Chromosome 21 encodes multiple interferons and their receptors. Under normal conditions (disomy 21), interferon binding activates the kinases JAK1 and TYK2, leading to STAT1 phosphorylation and transcription of interferon-stimulated genes (ISGs). In trisomy 21, overexpression of these receptors results in dysregulated, chronic activation of this pathway, causing baseline inflammation, tissue damage, and increased susceptibility to autoimmunity.
We present a 9-year-old male from Guanajuato, Mexico, with karyotype-confirmed trisomy 21. During infancy, he was diagnosed with patent ductus arteriosus and autoimmune thyroiditis, managed with levothyroxine. At age 2, he developed alopecia areata treated with topical steroids and minoxidil. One year later, he exhibited vitiligo vulgaris, partially responsive to topical tacrolimus and corticosteroids. Inflammatory bowel disease was ruled out despite chronic diarrhea. Immunological assessment revealed positive antinuclear antibodies (ANAs) and antiphospholipid profile, persistent lymphopenia affecting CD3+, CD4+, and CD19 populations, with preserved humoral response to polysaccharide antigens. Due to refractory autoimmune manifestations and evidence of chronic interferon–JAK/STAT pathway activation, treatment with ruxolitinib, a selective JAK1/2 inhibitor, was initiated, resulting in progressive clinical improvement and immunological stabilization.

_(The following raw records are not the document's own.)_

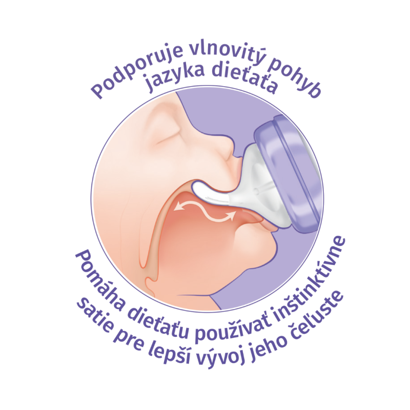 - pri kŕmení je nutný vlnový pohyb jazyka bábätka, čo podporuje prirodzený vývoj ústnej dutiny
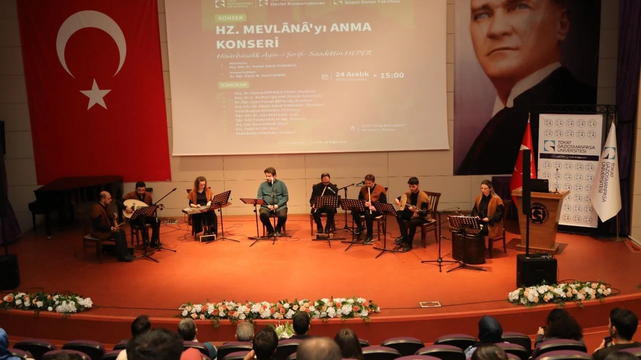 Tokat Gaziosmanpaşa Üniversitesi (TOGÜ) bünyesindeki Devlet Konservatuvarı ile İslami İlimler Fakültesi, Hz. Mevlânâ Celaleddin-i Rûmî’yi anmak için özel bir etkinliğe imza attı. İki farklı disiplinini buluşturan “Hz. Mevlânâ’yı Anma Konseri”, 24 Aralık Çarşamba günü Şehit Ömer Halisdemir Konferans Salonu’nda sanatseverlerle buluştu.
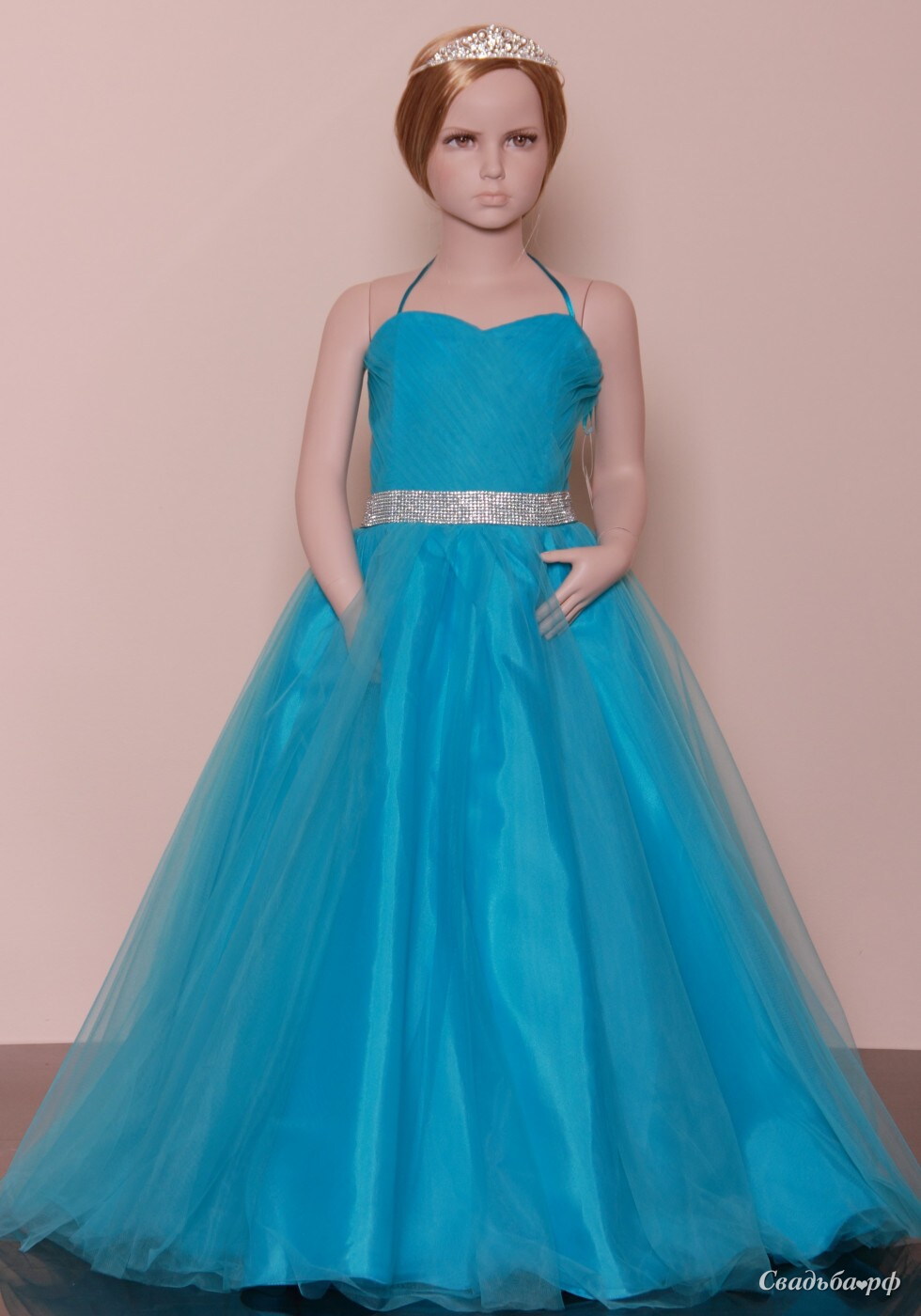 Детское корсетное А-силуэтное платье на завязках за шею. Верх корсета V-образный. По всему корсету заложены мелкие фатиновые драпировки. По талии расположен широкий стразовый пояс. Юбка выполнена из тафты, верхние слои юбки из европейского мягкого фатина.
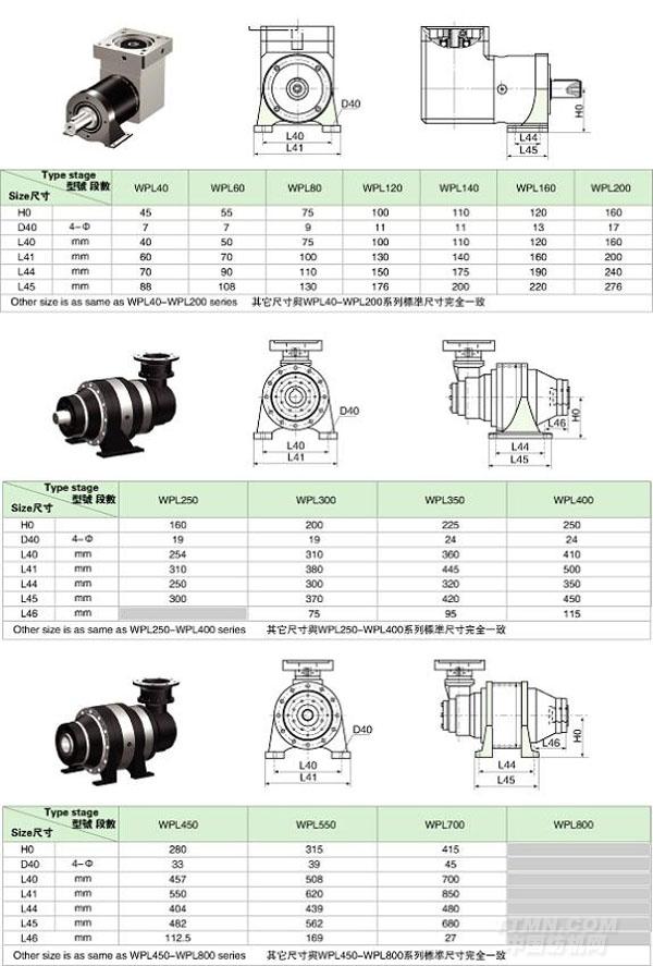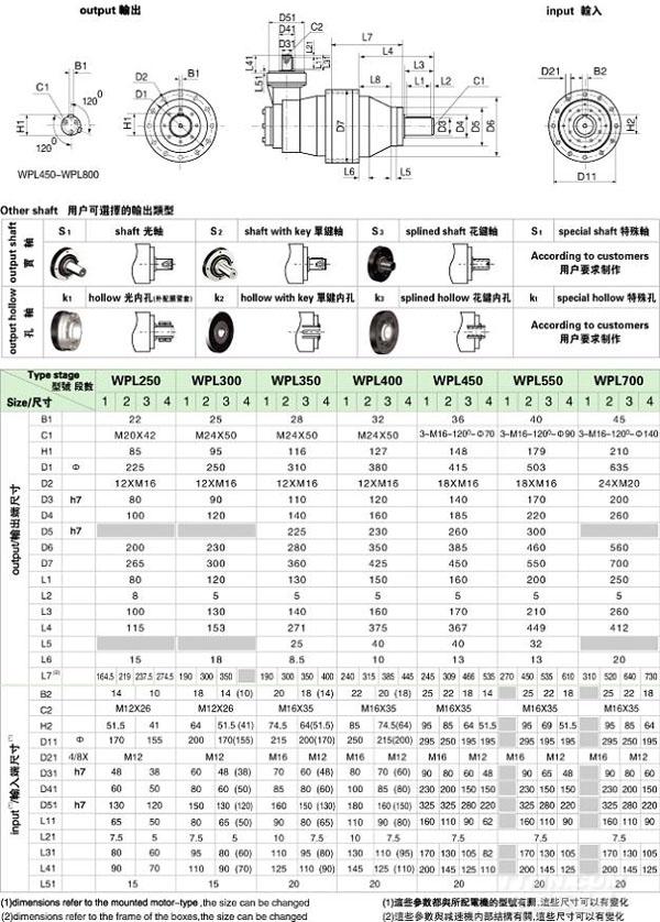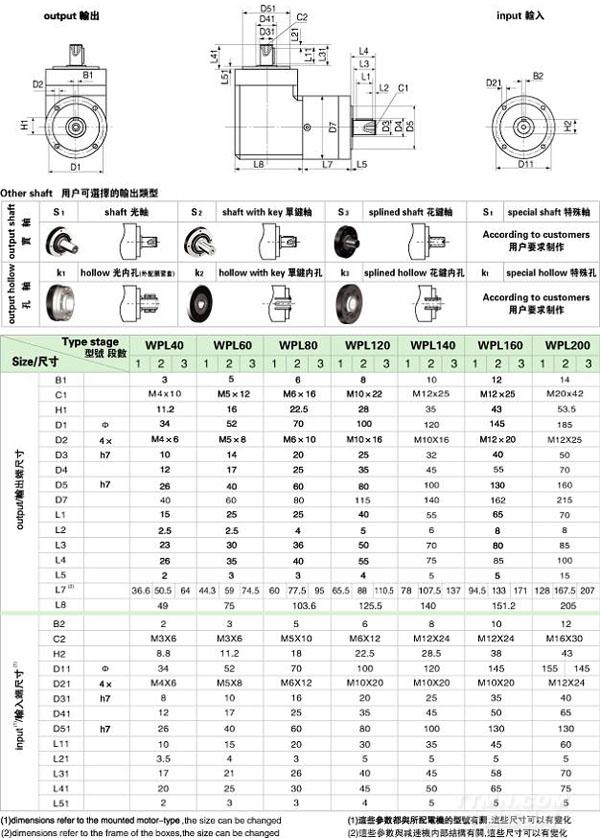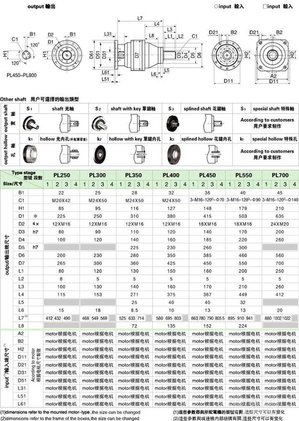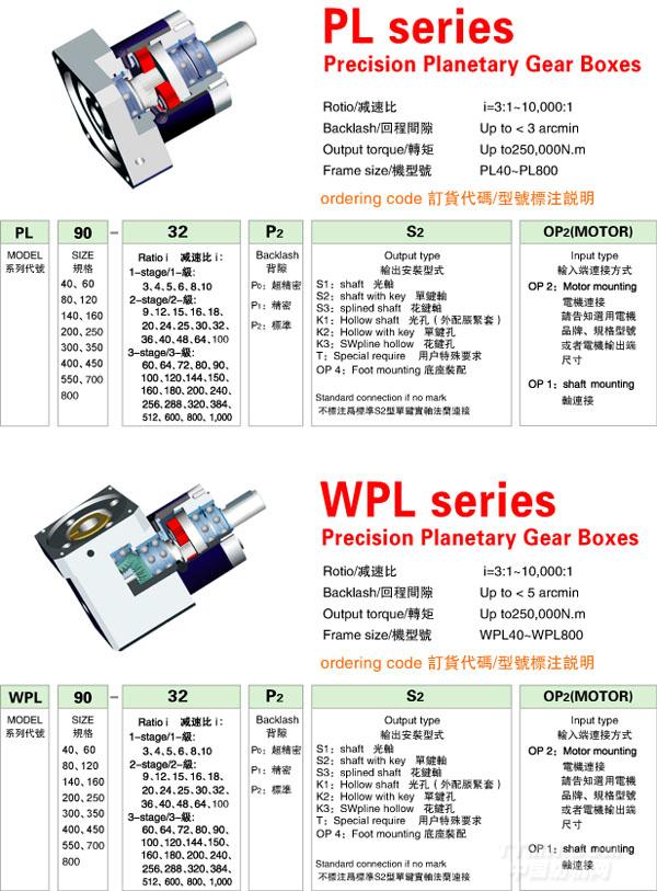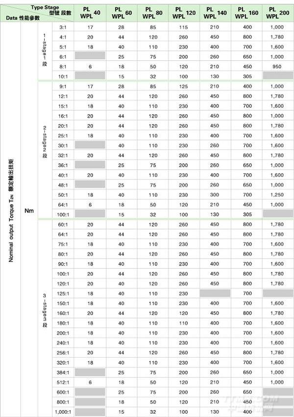 PL/WPL 系列精密行星減速機(jī)技術(shù)參數(shù)
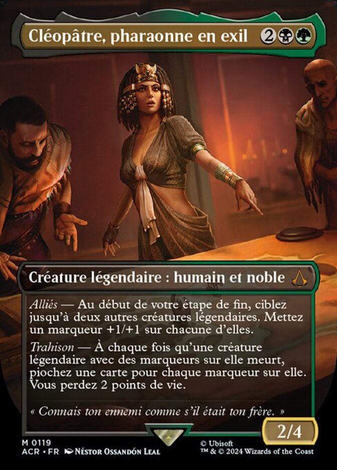 | Rules | Allies — At the beginning of your end step, put a +1/+1 counter on each of up to two other target legendary creatures. Betrayal — Whenever a legendary creature with counters on it dies, draw a card for each counter on it. You lose 2 life. |
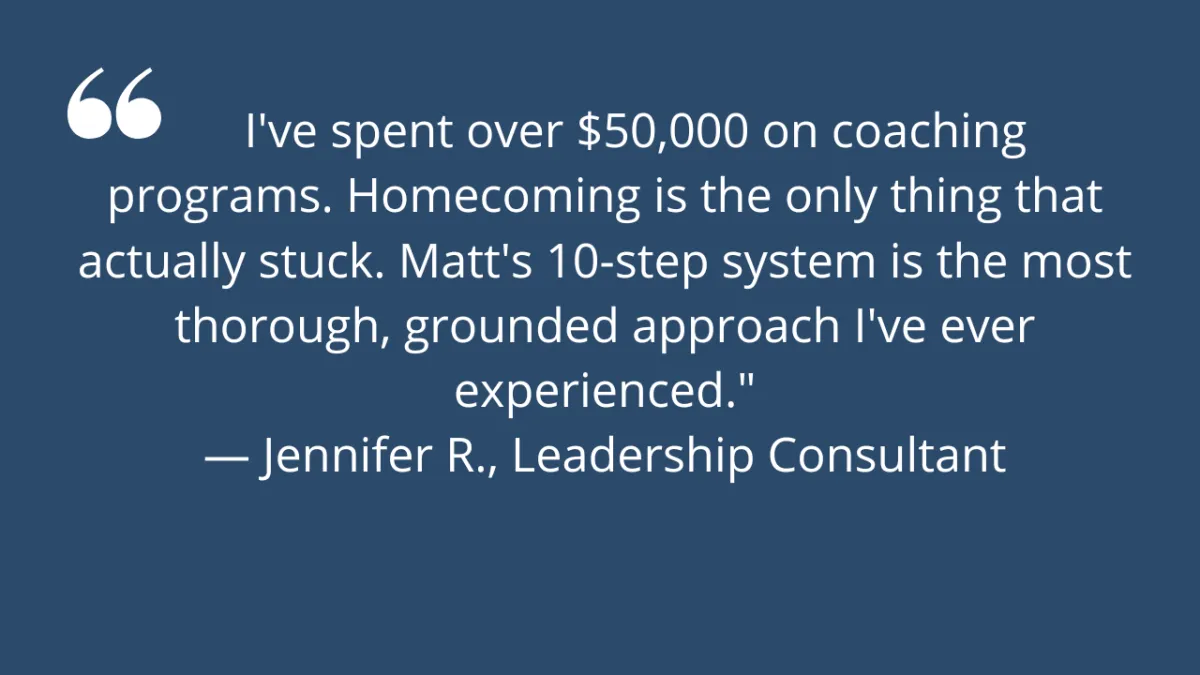 If you're a coach, leader, or business owner who's tired of surface-level solutions that don't create lasting change, Homecoming offers a different path, one that finally addresses the root
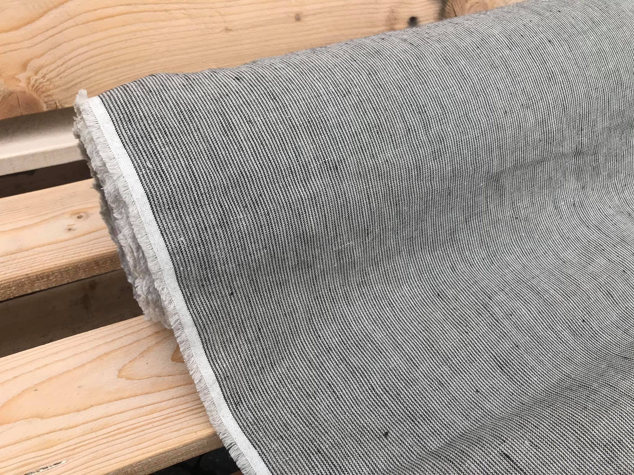 DEADSTOCK Len, naturalna tkanina lniana, prążek czarno beżowy 154 g (kupon o dł 170cm)

This case exemplifies the immune dysregulation in trisomy 21, where hyperactivation of interferon–JAK/STAT signaling contributes to a complex autoimmune phenotype. The coexistence of polyglandular autoimmunity, vitiligo, and autoantibodies reflects this dysregulation. Although increased type I interferon sensitivity in trisomy 21 is established, recent transcriptomic, proteomic, and functional studies have further elucidated its role in shaping the altered immune profile. The positive response to ruxolitinib underscores the potential of JAK inhibitors as targeted therapies for refractory autoimmunity in this population. Further studies are warranted to confirm their safety and efficacy in individuals with Down syndrome.